Schock bei der PolizeiZwei Suizide in der Stadtpolizei Winterthur – Insider kritisieren Führung
Innert kurzer Zeit haben sich zwei Stadtpolizisten in Winterthur das Leben genommen. Im Korps wird Kritik am Betriebsklima laut.
Am vergangenen Freitag hat sich ein langjähriger Polizist der Stadtpolizei Winterthur auf dem Posten das Leben genommen. Es ist der zweite Suizid innert kurzer Zeit.
Erst im letzten Juli hatte sich ein ebenfalls langjähriger Korpsangehöriger auf einer Wanderung das Leben genommen. Beide Kollegen hatten auf derselben Abteilung gearbeitet. Aus mehreren voneinander unabhängigen Quellen ist zu vernehmen, dass es in der Führung der Stadtpolizei seit längerem Probleme gegeben haben soll.
Im Korps selbst sitzen Schock, Trauer und Wut tief. Gegenüber dieser Zeitung lässt sich Cornel Borbély, Präsident des Polizeibeamtenverbands der Stadt Winterthur (PBV), folgendermassen zitieren: «Wir sind zutiefst erschüttert über die traurige Nachricht vom Tod eines geliebten Kollegen und Freund. Mit ihm verlieren wir innerhalb eines Jahres einen zweiten Kollegen durch einen Suizid. Viele Fragen sind ungeklärt. Wir fordern von Politik und Polizeiführung eine lückenlose und umfassende Aufklärung.»
Verband kritisiert «Führungskultur» und «Verhalten einzelner Personen»
In einem Schreiben des PBV, das dieser Zeitung vorliegt, steht, man habe in einem Brief an die Departementsvorsteherin zum Ausdruck gebracht, dass «viele Kolleginnen und Kollegen die Schuld in der Führungskultur und im Verhalten einzelner Personen sehen». Der Verband fordert von Polizeivorsteherin Katrin Cometta (GLP), dass «Führungsfehler offen und aufrichtig zu identifizieren, zu benennen und zu beseitigen sind».
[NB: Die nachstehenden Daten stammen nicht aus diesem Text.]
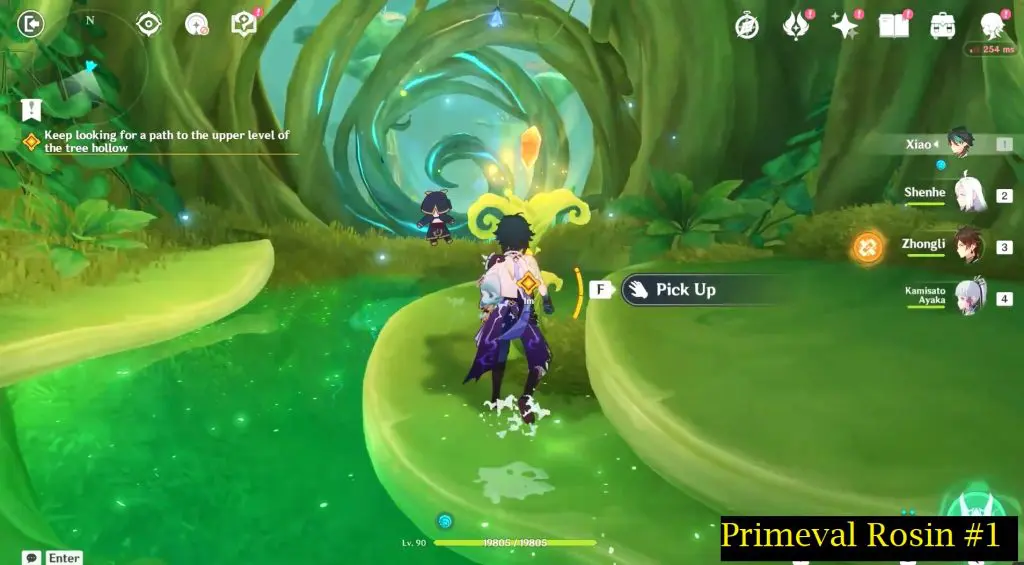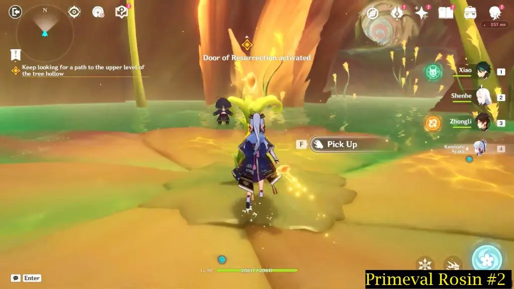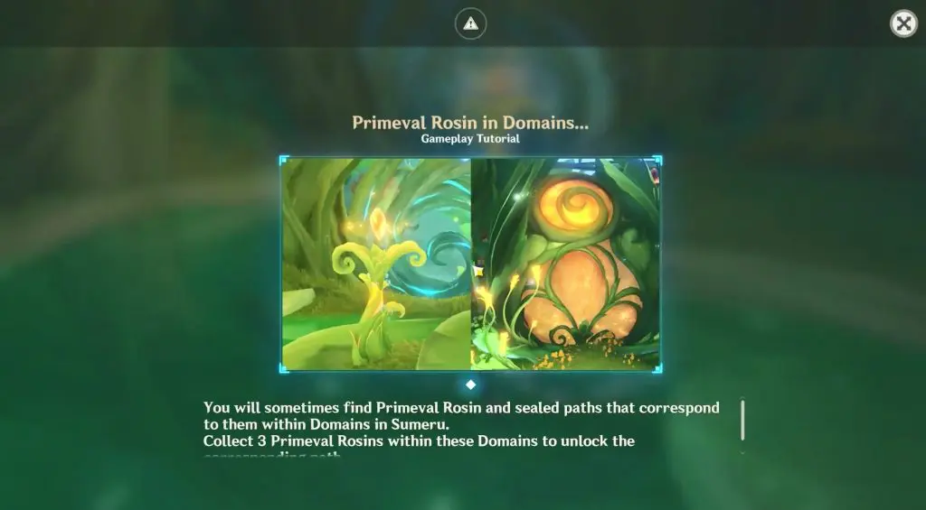 As you explore the new area inside the tree hollow players will come across a Primeval Rosin and a sealed path as shown in the picture below. As soon as you encounter one, the game will tell you how to unlock a sealed path using a Primeval Rosin. You need three Primeval Rosin to unlock the path.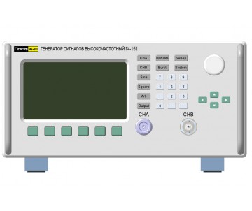 Генератор сигналов высокочастотный ПрофКиП Г4-151 предназначен для воспроизведения высокостабильных по частоте сигналов синусоидальной и прямоугольной формы с различными видами модуляции. На дополнительном выходе генераторы воспроизводят сигналы синусоидальной, прямоугольной и произвольной форм с регулируемым базовым смещением. Кроме того генераторы по основному выходу обеспечивают работу в режиме свипирования - генератора качающейся частоты. Оба выхода у генераторов могут включаться/отключаться независимо, а также работать одновременно. Дополнительно генераторы оснащены выходом TTL уровня. Генератор рассчитан для работы в лабораториях, цехах и ремонтных мастерских, в том числе и подвижных. Прибор широко применяется при разработке, производстве, эксплуатации и ремонте средств связи, имеет низкий уровень амплитудных и фазовых шумов вблизи несущей.

Die zuständige Stadträtin Cometta hat laut «Blick» am Montag den Stadtpolizistinnen und -polizisten schriftlich kondoliert. «Das ganze Wochenende habe ich trotz Wahlen kaum an etwas anderes gedacht als an den Suizid Ihres Kollegen», zitiert der «Blick» aus dem Schreiben. Sie habe den Mann persönlich gekannt, sein Tod habe sie bestürzt und aufgewühlt. Und weiter: «Wie ungleich schwerer muss die Last für Sie sein. Sie haben einen Ihnen lieben Kollegen verloren, mit dem Sie teilweise über Jahrzehnte zusammengearbeitet haben.» Zudem wolle sie genau hinschauen, es sollten aber keine vorschnellen Schlüsse gezogen und niemand vorverurteilt werden.
Die Medienstelle von Cometta bestätigt am Freitagmorgen die beiden Suizide. Als Stadträtin und Vorsteherin des Departements Sicherheit und Umwelt stelle sie aufgrund der Vorfälle beim Stadtrat einen Antrag auf eine umfassende Administrativ-Untersuchung. Weitere Fragen könne man aufgrund des Persönlichkeitsschutzes der betreffenden Mitarbeitenden, der laufenden Untersuchung und der geplanten Administrativ-Untersuchung nicht beantworten.
Burn-out-Welle im Jahr 2017
Konflikte schwelen schon länger in der Stadtpolizei Winterthur. Anfang 2017 war die Hälfte der damaligen 13 Stadtpolizeichefs krankgeschrieben – unter ihnen auch der Kommandant Fritz Lehmann. Die damalige Polizeivorsteherin Barbara Günthard-Maier (FDP) machte die Sparaufträge der vergangenen Jahre und Jahrzehnte für die Probleme verantwortlich und setzte sich für eine Aufstockung des Kaders ein und gleiste eine interne Reorganisation auf.
2019 berichtete die «Winterthurer Zeitung» jedoch von einer Personalumfrage, wonach die Zufriedenheitswerte im Korps nach wie vor schlecht seien. Es gebe anhaltend viele Burn-out-Fälle und die interne Kommunikation werde stark kritisiert. Der Journalist stützte sich dabei auf die Aussagen eines ehemaligen Stadtpolizisten. Gegen diesen reichte die Führung dann wegen Amtsgeheimnisverletzung Strafanzeige ein. Das Verfahren wurde jedoch eingestellt.
Mitarbeit: Patrick Gut
Update von 11:53: Der Artikel wurde mit der Stellungnahme der zuständigen Sicherheitsvorsteherin Katrin Cometta (GLP) ergänzt. In der Erstpublikation lag diese der Redaktion noch nicht vor.